Sprained ankles are relatively common with statistics indicating that they occur by the thousands in the US every single day. In most of these cases, the diagnosis and treatment are rather straightforward; rest, ice-pack, elevation, compression, and medication to prevent inflammation. In such situations, it should take no more than a few weeks before you're back on your feet.
However, there are cases where the pain from the ankle sprain, or some other symptom, lasts for significantly longer. There are several reasons why this might happen and the symptoms offer an idea why.
Swelling isn't uncommon following an ankle sprain. The swelling can last for six weeks or even longer. However, swelling that goes beyond three months is a sign of possible trouble. This may mean that something inside the joint causing irritation. A few reasons why this may occur include:
Damage to the surface of the joint that isn't spotted
A bone chip floating around in the fluid
A lesion, such as a small cavity in the ankle bone
A bruised bone
Any of these problems can be picked up on careful inspection and are quite treatable. In some cases, the symptoms fade on their own.
A more serious reason for complications to healing is the interference of diabetes. Diabetic patients should be under the care of a podiatrist when they experience a prolonged sprain because diabetic wounds are much harder to heal.

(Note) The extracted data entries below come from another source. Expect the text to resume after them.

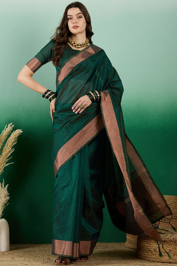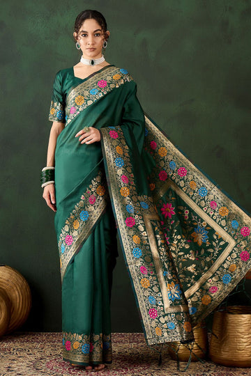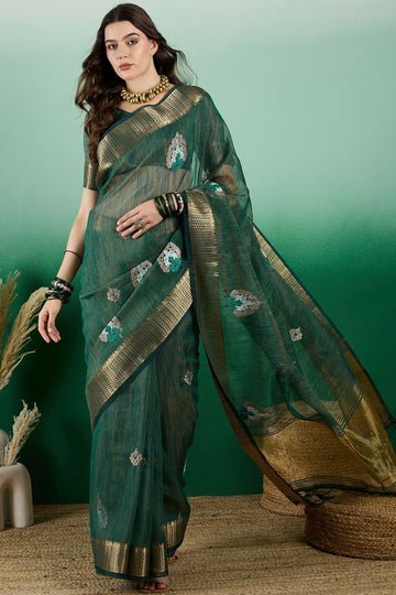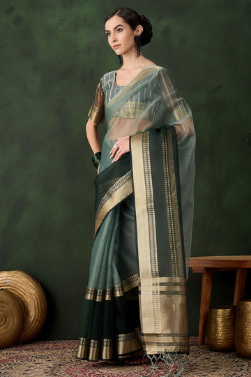 Saree color - Green. Fabric - Organza. Work/Pattern - Weaving. Saree Length - 5.50 Meters....
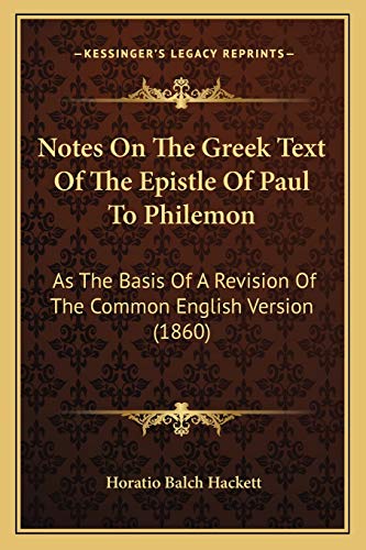 ""Notes On The Greek Text Of The Epistle Of Paul To As The Basis Of A Revision Of The Common English Version"" is a book written by Horatio Balch Hackett in 1860. The book is a detailed analysis of the Greek text of the Epistle of Paul to Philemon, with the aim of revising the Common English Version. The author provides a thorough examination of the original Greek text, including its grammar, syntax, and vocabulary. Hackett also provides historical and cultural context to aid in understanding the meaning of the text. The book serves as a valuable resource for scholars and students of Biblical studies, as well as anyone interested in the history and interpretation of the Bible.And A Revised Version, With Notes.This scarce antiquarian book is a facsimile reprint of the old original and may contain some imperfections such as library marks and notations. Because we believe this work is culturally important, we have made it available as part of our commitment for protecting, preserving, and promoting the world's literature in affordable, high quality, modern editions, that are true to their original work.
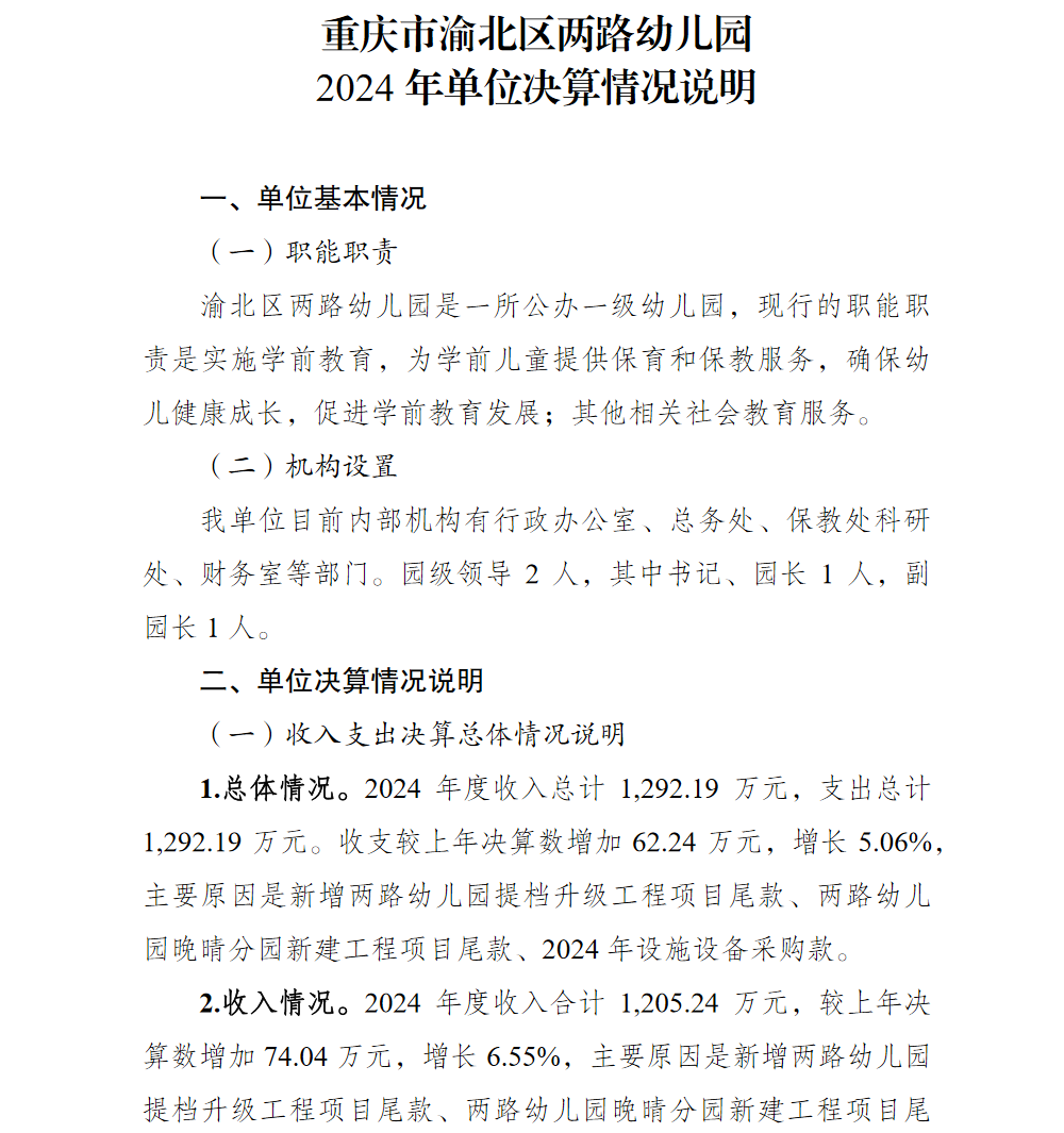 重庆市渝北区两路幼儿园2024年单位决算情况说明及附表.pdf
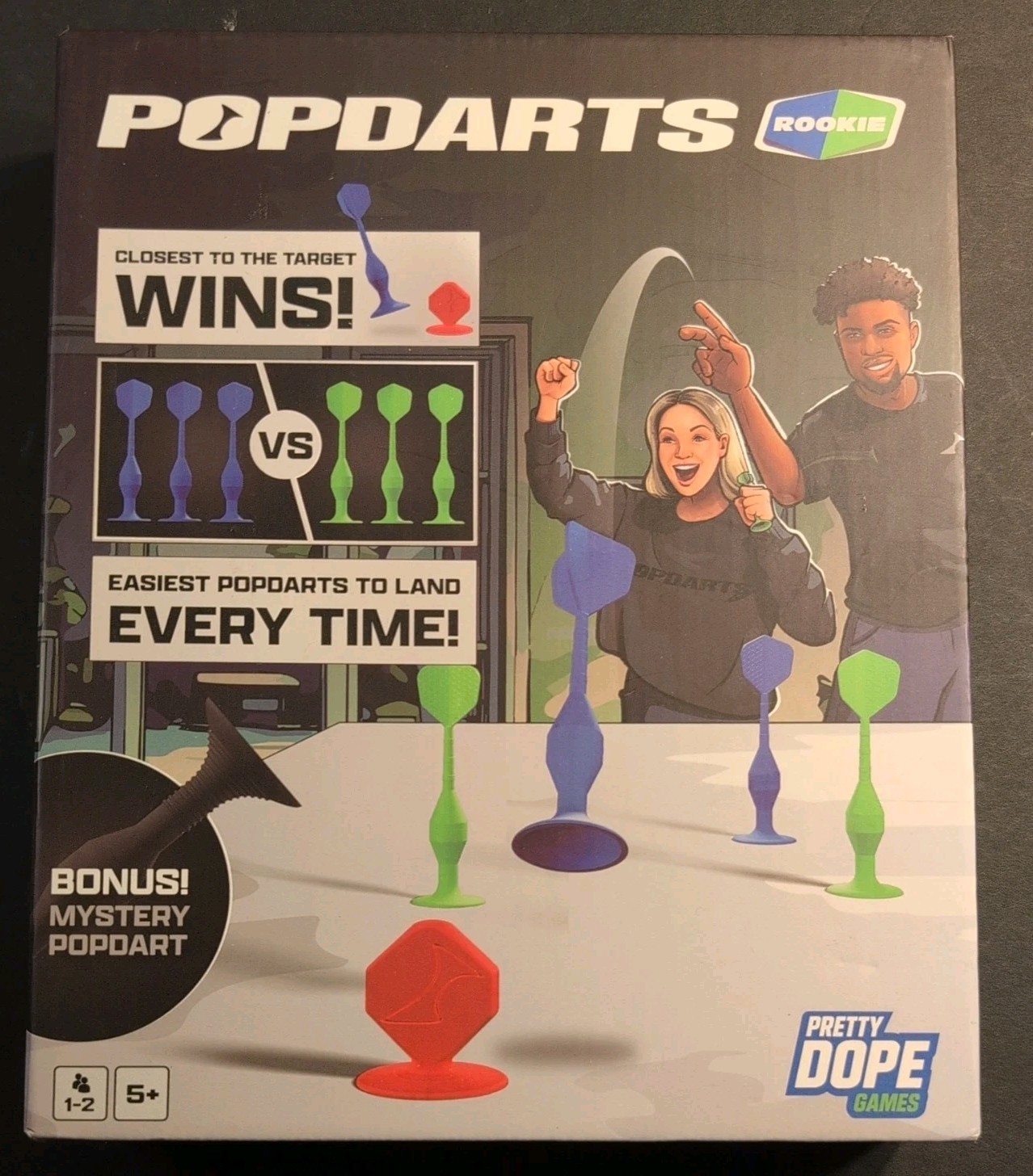 Popdarts Rookie Pack game by Pretty Dope Games. It is a beginner-friendly suction cup dart game designed for casual play and family game nights, suitable for ages 5 and up.
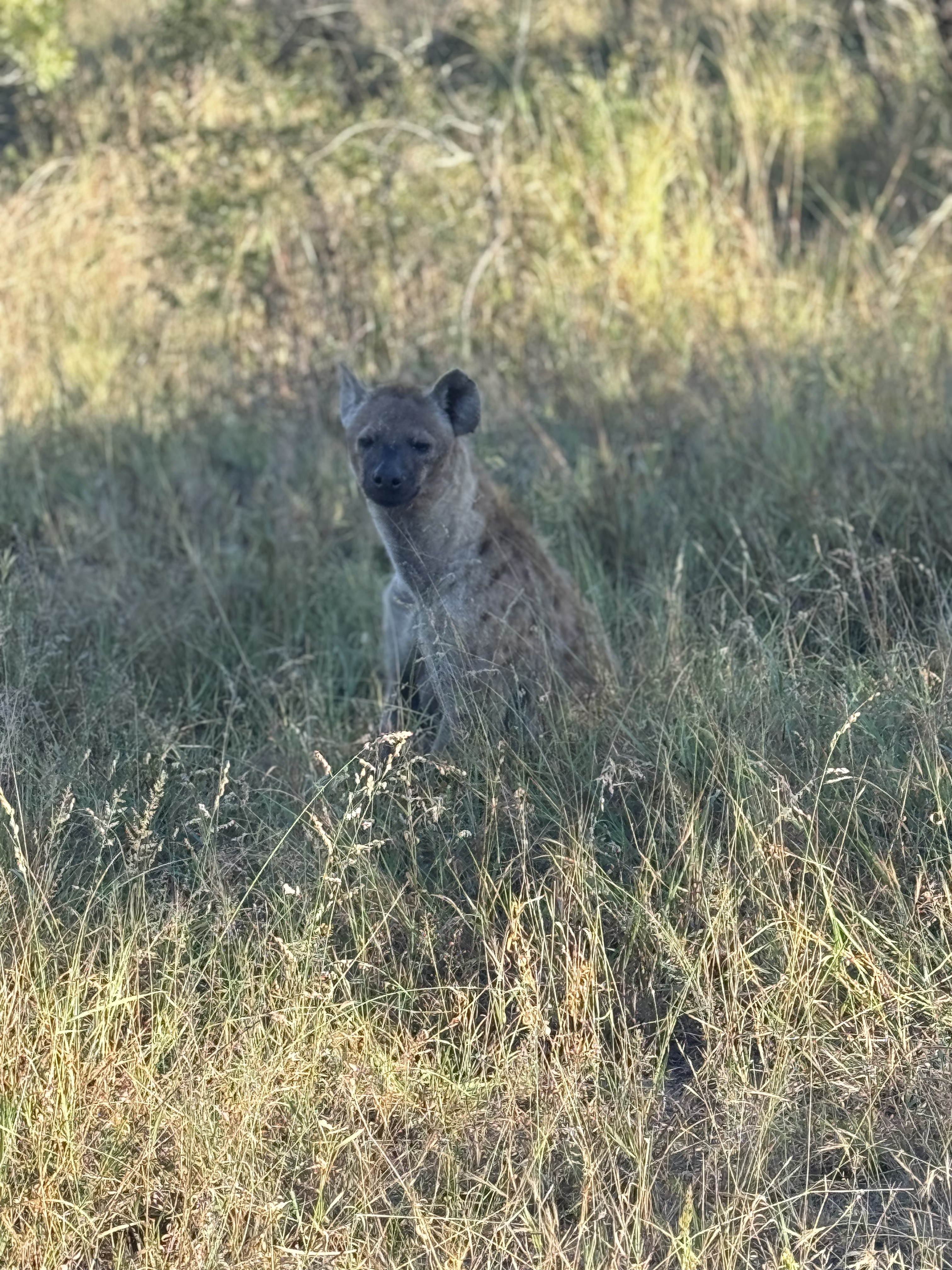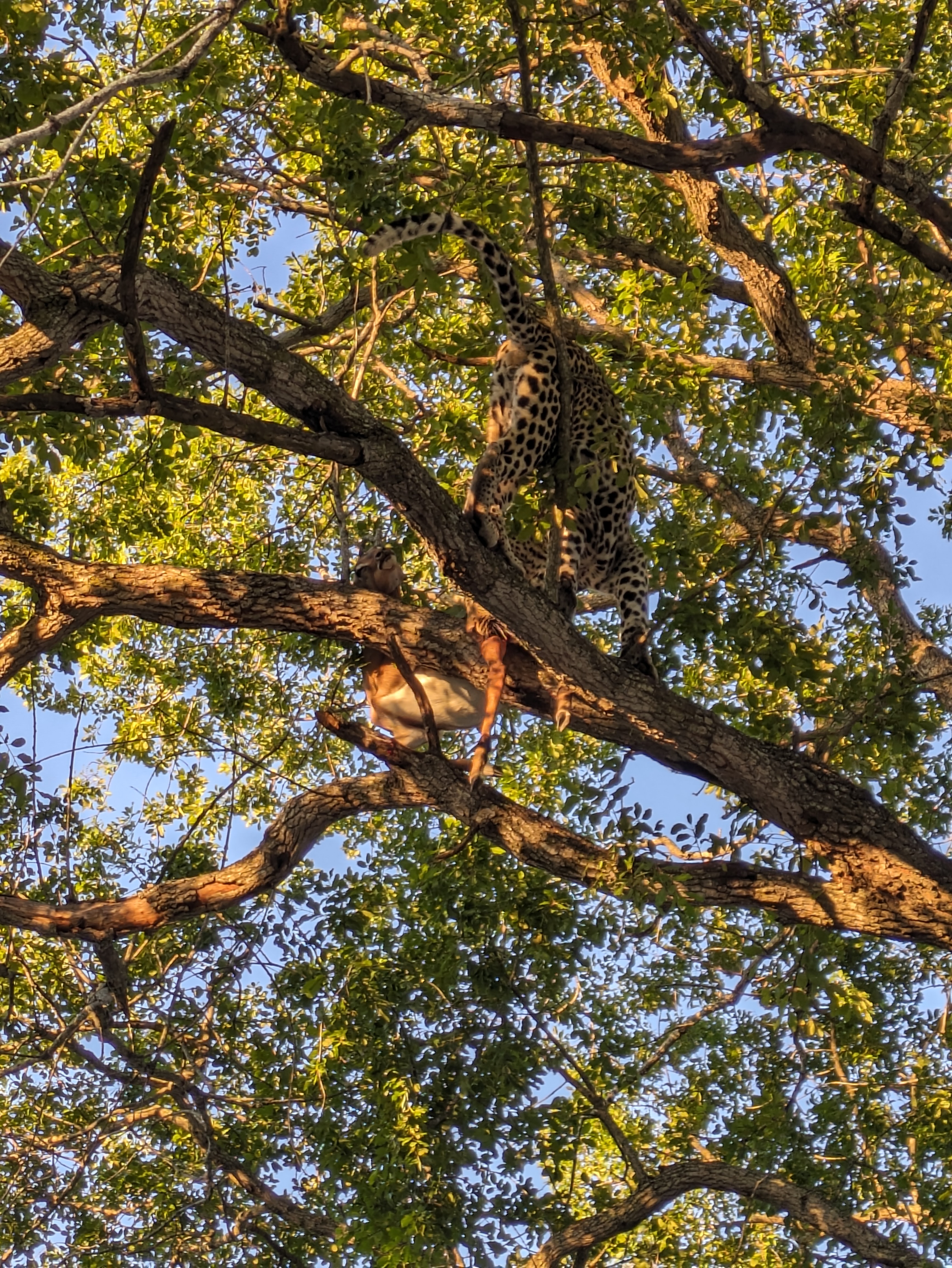 Day 4 was V’s 33rd birthday! We had an amazing start to our morning with not one, but two leopards. Adolescent Nhenhe was in a tree with an impala kill and momma Xidulu was watching from nearby. Nhenhe went straight over to the kill so that his mother couldn’t eat any of it. Our guide says this is normal behavior at his age and that over the next few months Xidulu will spend less time with him and eventually leave him to fend for himself once he can hunt for himself. Xidulu took over the napping branch. Nhenhe was going hard at the leg of the impala kill from the tree. Next thing we know, there are 3 hyenas right by our jeep waiting for scraps. Eventually their patience paid off because the leg fell and all hyenas jumped at the opportunity.
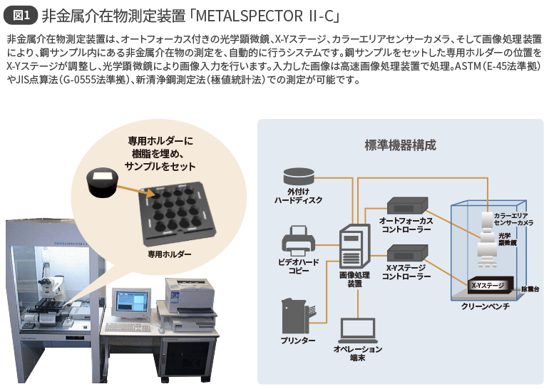 METALSPECTORⅡ-Cは、鋼材の品質保証に関連する規格に準拠した各種測定法だけでなく、メーカー独自の測定法にも対応しています。当社独自の測定アルゴリズムとオートフォーカス機能を組み合わせ、ひとつのサンプルに対して、ASTM*法で約6分、JIS点算法で約2分と高速で、かつ、電子顕微鏡を使って目視で識別したときの介在物の幅や長さとの差異が±0.25µmという高精度な判定を可能にしました。また、数種類が存在する介在物、例えば硫化物介在物とそこに内在する酸化物介在物などを個別に抽出して識別できるなど、これまでにはなかった強力な画像処理を実現。現在、多くの品質検査の現場でご利用いただいています(図1)。
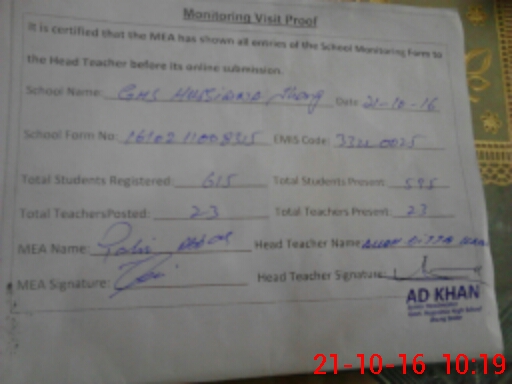 | EMIS Code: 33220025 | Name of School: GHS HUSSAINIA, JHANG | |||
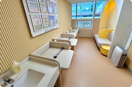 영아와 보호자를 위한 편의공간으로 수유용 소파, 기저귀 교환대,
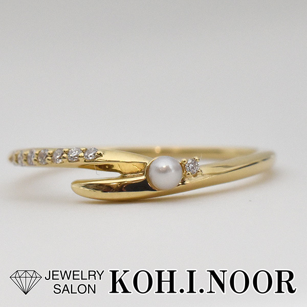 パールとダイヤをセットしたエテの18金製ファッションリング。

Just like swelling, pain is a common issue after spraining an ankle. However, when the pain doesn't go away for a long time, this can be an issue. Several reasons why this might happen include:
Sinus tarsi syndrome: The ankle bone has a hollow space in the side called the sinus tarsi, and if this space has an inflammation, a ligament that's partly torn or scar tissue, there will be discomfort.
Tarsal coalition: There may be a tarsal coalition that may not have been picked up when treating the original sprain.
Instability in the Ankle
This is when the ankle gives way. This is a common issue for people who've suffered a sprain. A few causes include:
Peroneal weakness: This is a weakness in the tendons that run on the outside of the ankle. These tendons can be weak after a sprain.
Damaged ankle ligaments: A series of serious sprains (grade II or III) can damage the ligaments in the ankle. This can cause the ligaments to become loose permanently. Surgery might be needed in this case.
There are various reasons why a sprained ankle may not heal as nicely as you'd want it. You should talk to a foot doctor if you experience lingering symptoms long after the sprain.